Башкин выбежал из палаты и долго бежал по коридору, убеждая себя в том, что ищет Ольгу, но почему тогда он все время спрашивая себя, мол, куда они все делись? и при этом имел в виду людей в белом.

И тут он услышал, как кто-то кричит:
-Мила! Мила!

«Какое необычное имя!»– подумал он и тут же решил, что никогда раньше не слышал его.

Теперь ему казалось, что он бежал на этот крик, который донесся из уже знакомого огромного зала с золотой лестницей: лестница легкая, как паутина, стены облицованы белым мрамором, колонны тоже из мрамора, если бы не точность форм и гладкая поверхность, их можно было бы сравнить с гигантскими деревьями, перевернутыми корнями вверх. Он увидел тех, кто кричал. Это были мужчины.

-Мила! Мила! Присоединяйся к нам! - кричали они, вскакивая со стульев. Те, которые не смогли удержаться в вертикальном положении, падали на стол, уставленный бутылками и тарелками с закусками.

Здесь все было заставлено столиками, за которыми сидели пьяные мужчины и нарядные женщины, только в углу, где играл оркестр, еще осталось немного места для любителей танцев.
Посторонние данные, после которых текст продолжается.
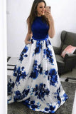 Fashion A-Line Jewel Blue Floral Long Prom Dress with Pockets PFP0513
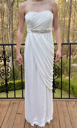 Strapless Mesh Column Formal Dress White Full-Length Size 10
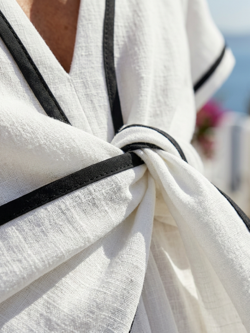 This dress features a flowing midi length with a soft V neck and short sleeves. The fabric has a light, smooth drape that allows the skirt to move easily while remaining comfortable throughout the day. A gathered detail at the waist adds gentle shape while keeping the overall feel relaxed and easy to wear.
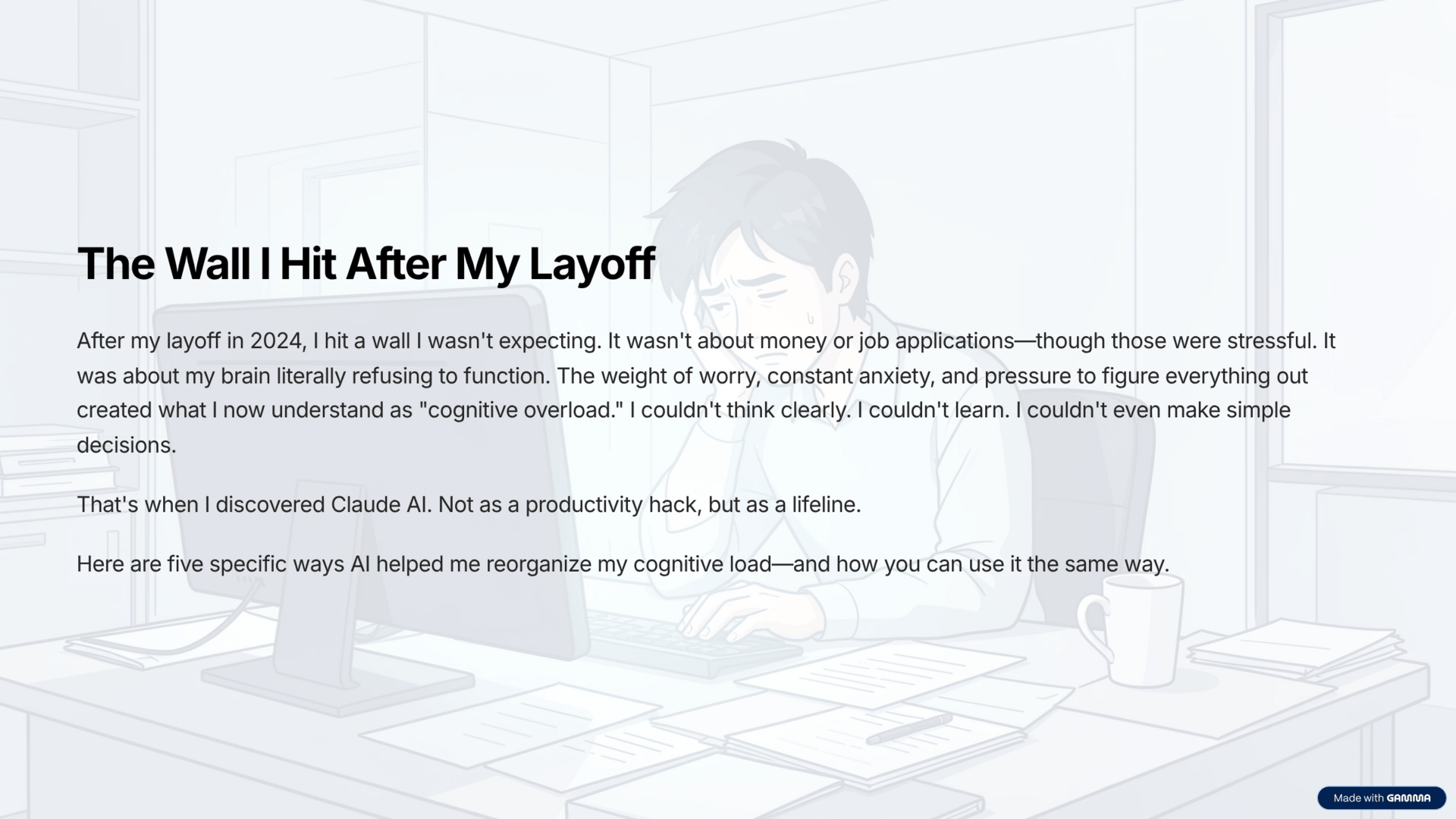 When stress breaks your brain, AI can act as external processing power. Learn 5 specific techniques for using AI to break down overwhelming questions, create structure, organize information, process emotions, and maintain continuity when you can't.
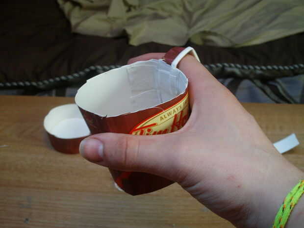 Ahora tienes que hacer un mango. Usted puede han calculado esto, pero la parte superior es el mango. doblez a 1 cm (0,3 pulgadas) a ambos lados y de la forma cónica les al interior de la taza para que el centro está en el exterior de la Copa. No la cinta en un pliegue, o no podrás poner en tu bolsillo.
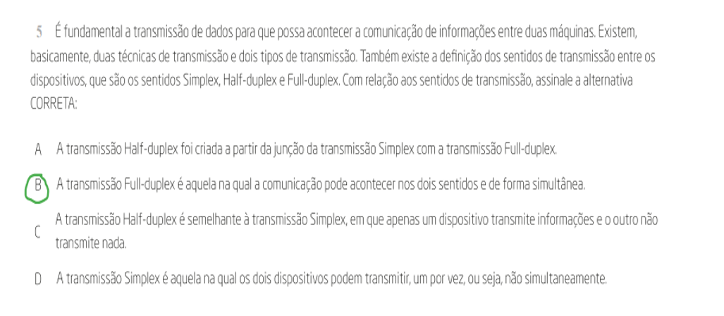 A) A transmissão Half-duplex foi criada a partir da junção da transmissão Simplex com a transmissão. B) A transmissão Full-duplex é aquela na qual a comunicação pode acontecer nos dois sentidos e de forma simultânea. C) A transmissão Half-duplex é semelhante à transmissão Simplex, em que apenas um dispositivo transmite informações e o outro não transmite. D) A transmissão Simplex é aquela na qual dois dispositivos podem transmitir, um por vez, ou seja, não simultaneamente.
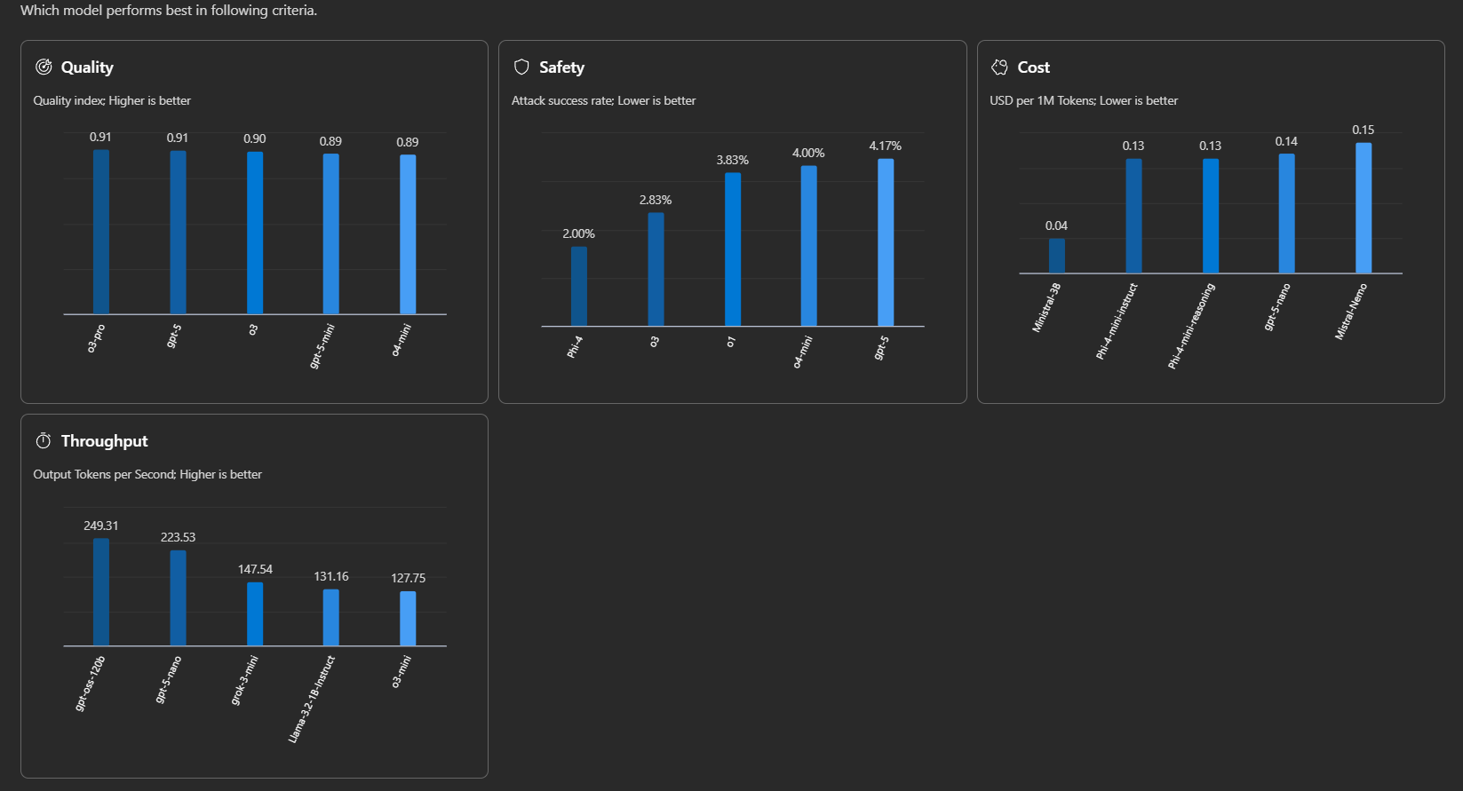 Some AI development platforms provide tools which can be used to compare models and select the most appropriate model suitable for use. An example of such comparison tool is shown below using Microsoft’s Azure AI Foundry:
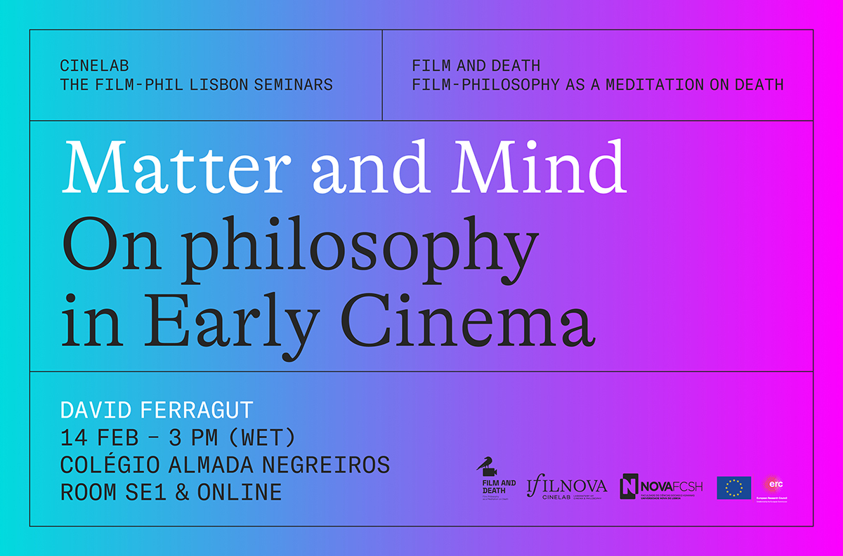 The next Film-Phil Lisbon Seminar (2023-2024) will be led by David Ferragut (Universitat Autònoma de Barcelona, Spain) who will talk about “Matter and Mind. On philosophy in Early Cinema”. The session will be held on February 14, 2024, at 3 PM (Lisbon time) in room SE1 of Colégio Almada Negreiros and online, via Zoom.
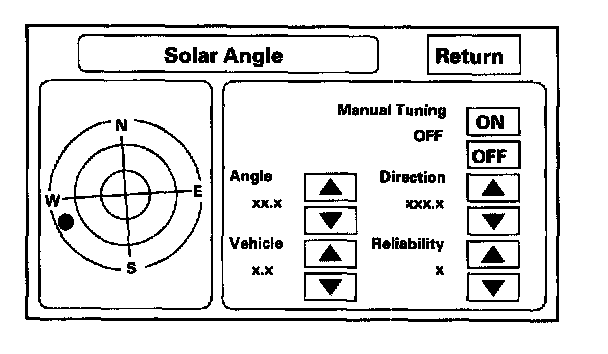 This screen is used to graphically display the sun's position as determined by GPS. The navigation system uses the sun's angle, along with the sunlight sensor to control the driver/passenger A/C air flow. The heat that must be removed by the A/C unit varies, depending on the angle of the sun entering the vehicle. This screen is for factory use only, and should not be adjusted.

Но там тоже было тесно. И все же, несмотря на толчею, желающих танцевать было не меньше, чем желающих выпить. Танцевали все, кто хотел, или кто мог, потому что некоторые уже не держались на ногах. Случалось, что кто-то, из тех, кто не мог, поднимались со стула, намереваясь пригласить женщину, и тут же с грохотом падали. Когда они падали, под ними трещали стулья, но треск среди других звуков: стука, звона, шарканья и прочее и прочее – не был слышен, он сливался с остальными звуками в праздничный шум.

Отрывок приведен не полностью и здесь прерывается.